This proof disproves (by counterexample) the assertion of Hao Wang, who stated, "There is a theorem in the primitive notation of set theory that corresponds to the arithmetic theorem 1000 + 2000 = 3000. The formula would be forbiddingly long... even if (one) knows the definitions and is asked to simplify the long formula according to them, chances are he will make errors and arrive at some incorrect result." (Hao Wang, "Theory and practice in mathematics" , In Thomas Tymoczko, editor, New Directions in the Philosophy of Mathematics, pp 129-152, Birkauser Boston, Inc., Boston, 1986. (QA8.6.N48). The quote itself is on page 140.)

This is noted in Metamath: A Computer Language for Pure Mathematics by Norman Megill (2007) section 1.1.3. Megill then states, "A number of writers have conveyed the impression that the kind of absolute rigor provided by Metamath is an impossible dream, suggesting that a complete, formal verification of a typical theorem would take millions of steps in untold volumes of books... These writers assume, however, that in order to achieve the kind of complete formal verification they desire one must break down a proof into individual primitive steps that make direct reference to the axioms. This is not necessary. There is no reason not to make use of previously proved theorems rather than proving them over and over... A hierarchy of theorems and definitions permits an exponential growth in the formula sizes and primitive proof steps to be described with only a linear growth in the number of symbols used. Of course, this is how ordinary informal mathematics is normally done anyway, but with Metamath it can be done with absolute rigor and precision."

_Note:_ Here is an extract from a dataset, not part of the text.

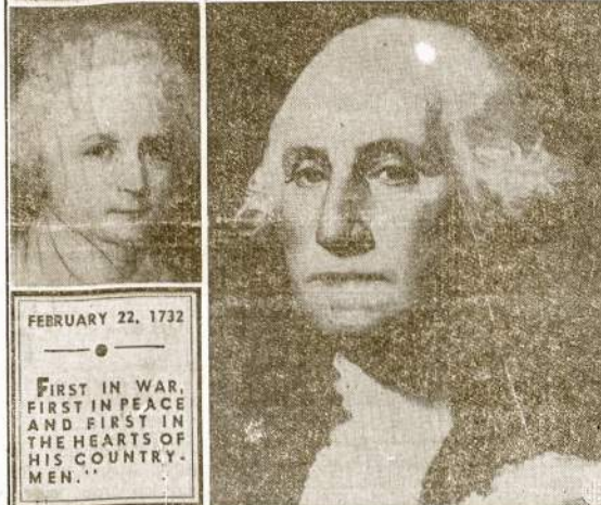
George Washingtonas, kurio gimtadienį minėsime rytoj, istorijoje minimas netiek jau dėlto, kad jis buvo pirmuoju Jungtinių Valstijų prezidentu, bet kad pasekmingai vadovavo kolonijų revoliucijai. Jis gimė vasario 22, 1732 m., Westmoreland apskrityje, Virginia valstijoje. Viršuje matome George Washingtono namus Mount Vernon, kuriuos jis paveldėjo mirus broliui Lawrence. Kairėje—citata paskutinio paragrafo rezoliucijos, kurią kongresas priėmė mirus pirmajam Respublikos prezidentui 1799-tais metais.

ropą ligi pat pagrindu. Daug amerikiečių reikalavo, kad Amerika remtų Francuz. revoliucionierius atsisieiant už Francuz. pagelbą, nepaisant Amerikos neturtingumo. Washingtonas, nors simpatizavo, stovėjo prieš įsikisimą. Politiškai, irgi, šalis buvo pasidalinus. Viena teorija, Alexanderio Hamiltono, norėjo stiprios centralinės valdžios, draugingos agrikulūrai, bet remiančios industrijos išsivystymą. Kita partija, Thomaso Jeffersono vadovaujama, ieškojo liuosai sumegstos federuotos sąjungos, kurioje kiek-

The proof here starts with  ( 2  +  1 )  =  3, commutes it, and repeatedly multiplies both sides by ten. This is certainly longer than traditional mathematical proofs, e.g., there are a number of steps explicitly shown here to show that we're allowed to do operations such as multiplication. However, while longer, the proof is clearly a manageable size - even though every step is rigorously derived all the way back to the primitive notions of set theory and logic. And while there's a risk of making errors, the many independent verifiers make it much less likely that an incorrect result will be accepted.

This proof heavily relies on the decimal constructor df-dec 8876 developed by Mario Carneiro in 2015. The underlying Metamath language has an intentionally very small set of primitives; it doesn't even have a built-in construct for numbers. Instead, the digits are defined using these primitives, and the decimal constructor is used to make it easy to express larger numbers as combinations of digits.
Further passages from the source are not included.